The Federal Trade Commission (FTC) filed a lawsuit on Friday against three major U.S. healthcare corporations that negotiate insulin prices. The plaintiffs argue that the middlemen used practices that increased their profits while “artificially” inflating costs for patients.
The lawsuit is directed against the three largest so-called Pharmacy Benefit Managers, The United Health Group Optum Rx, CVS Health Caremark and Cigna's Express Scripts. All are owned by or affiliated with health insurers and together fill about 80% of the nation's prescriptions, in line with the FTC.
The FTC's lawsuit also affects each PBM's affiliated purchasing organization, which arranges drug purchases for hospitals and other health care providers. The agency said it might recommend suing drugmakers. Eli Lilly, Sanofi And Novo Nordisk proceed to debate their role in increasing the list prices of their insulin products.
A UnitedHealth spokesman said the lawsuit shows “a profound misunderstanding of how drug pricing works,” and noted that Optum RX has negotiated “aggressively and successfully” with drug manufacturers.
A CVS spokesman said Caremark was “proud of the work” it had done to make insulin more cost-effective for Americans, adding, “To suggest otherwise, as the FTC did today, is simply wrong.”
And a spokesperson for Express Scripts said the lawsuit “continues a disturbing pattern of baseless and ideologically motivated attacks by the FTC on PBMs.” It comes three days after Express Scripts sued the FTC, asking the agency to remove its allegedly “defamatory” July report alleging that the PBM industry was raising drug prices.
PBMs are the middle of the drug supply chain within the United States. They negotiate rebates with drug manufacturers on behalf of insurers, large employers, and government health plans. They also create drug lists, or drug schedules, covered by insurance and reimburse pharmacies for prescriptions. The FTC has been investigating PBMs since 2022.
The agency's lawsuit argues that the three PBMs have created a “perverse” drug rebate system that favors deep rebates from drug manufacturers, leading to “artificially inflated insulin list prices.” It also alleges that PBMs favor these high-priced insulins even when cheaper insulins with lower list prices grow to be available.

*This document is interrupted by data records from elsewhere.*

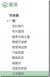 將行事曆的關通知已簡訊方式傳送到手機,要開啟此功能,必須先設定選項>一般>文字簡訊,但目前OWA在台灣還未有支援的電信業者。
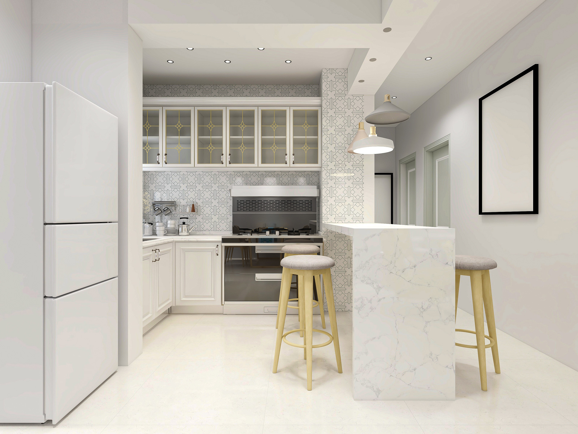 Фартуки чаще всего делают либо максимально нейтральными, либо с лёгкой графикой, чтобы поверхность не дробила пространство. В результате кухня выглядит монолитной и светлой даже при сложной планировке.
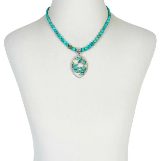 An artistic design paired with a delicate Mexican turquoise make this sterling silverpendant and beaded necklace a chic, stylish addition to your accessories collection.From Jay King.

The FTC files its criticism in what’s referred to as an administrative proceeding, which initiates proceedings before an administrative law judge who hears the case.
“Millions of Americans with diabetes need insulin to survive, yet for many of these vulnerable patients, the cost of insulin medications has skyrocketed over the past decade, in part because of powerful PBMs and their greed,” Rahul Rao, deputy director of the FTC's Bureau of Competition, said in a press release.

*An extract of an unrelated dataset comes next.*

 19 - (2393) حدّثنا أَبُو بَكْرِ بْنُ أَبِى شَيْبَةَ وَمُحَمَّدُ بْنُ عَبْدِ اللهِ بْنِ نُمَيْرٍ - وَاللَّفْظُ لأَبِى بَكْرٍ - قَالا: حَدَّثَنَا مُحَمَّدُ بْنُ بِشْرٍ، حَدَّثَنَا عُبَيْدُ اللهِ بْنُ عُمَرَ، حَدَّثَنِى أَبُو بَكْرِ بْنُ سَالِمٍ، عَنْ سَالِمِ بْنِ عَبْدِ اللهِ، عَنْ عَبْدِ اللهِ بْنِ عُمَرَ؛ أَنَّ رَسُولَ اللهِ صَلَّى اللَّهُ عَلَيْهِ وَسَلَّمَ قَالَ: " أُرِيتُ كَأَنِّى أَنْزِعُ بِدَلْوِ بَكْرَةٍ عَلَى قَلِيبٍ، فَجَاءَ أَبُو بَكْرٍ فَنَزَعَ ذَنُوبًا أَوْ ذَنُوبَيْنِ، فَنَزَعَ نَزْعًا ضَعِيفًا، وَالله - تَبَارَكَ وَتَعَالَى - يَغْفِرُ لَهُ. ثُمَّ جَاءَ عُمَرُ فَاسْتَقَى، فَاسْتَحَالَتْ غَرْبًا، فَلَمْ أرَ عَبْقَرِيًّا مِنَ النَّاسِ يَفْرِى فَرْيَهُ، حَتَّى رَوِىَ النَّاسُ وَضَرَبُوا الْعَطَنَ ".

“The FTC's administrative action is designed to put an end to the exploitative behavior of the three major PBMs and represents an important step in fixing a broken system – a repair that could have implications beyond the insulin market and restore healthy competition to lower drug prices for consumers,” Rao continued.
According to the FTC, roughly eight million Americans with diabetes depend on insulin to survive, and plenty of are forced to ration treatment as a consequence of high prices.
President Joe Biden's inflation-fighting bill capped insulin prices at $35 monthly for Medicare beneficiaries. This rule doesn’t currently apply to patients with private medical health insurance.
The Biden administration and Congress have increased pressure on PBMs and are attempting to extend transparency of their operations as many Americans struggle to afford prescribed drugs. On average, Americans pay two to thrice more for prescribed drugs than patients in other developed countries, in line with one study. Profile from the White House.
The FTC continued to precise “deep concern” concerning the role of insulin manufacturers in raising list prices, arguing that they’re driving up prices in response to PBMs' demands for higher rebates. Eli Lilly, Sanofi and Novo Nordisk control about 90 percent of the U.S. insulin market.
For example, in line with the FTC, the list price of Eli Lilly's Humalog insulin was $274 in 2017, a rise of greater than 1,200 percent from the list price of $21 in 1999.
The FTC said all pharmaceutical corporations needs to be aware that their involvement within the variety of conduct alleged here raises serious concerns.
An Eli Lilly spokesman said the FTC's criticism “affects aspects of the U.S. health care system that we have long advocated for reform.” He added that last yr the corporate was the primary to cap out-of-pocket costs for all of its insulins for privately insured people at $35 a month. Eli Lilly has also reduced the list prices of some insulins by as much as 70 percent.
Sanofi last yr announced an identical price cap of $35 monthly for its mostly prescribed insulin. Novo Nordisk also announced last yr that it would scale back the list prices of a few of its hottest insulins by as much as 75 percent.
Sanofi and Novo Nordisk didn’t immediately reply to requests for comment.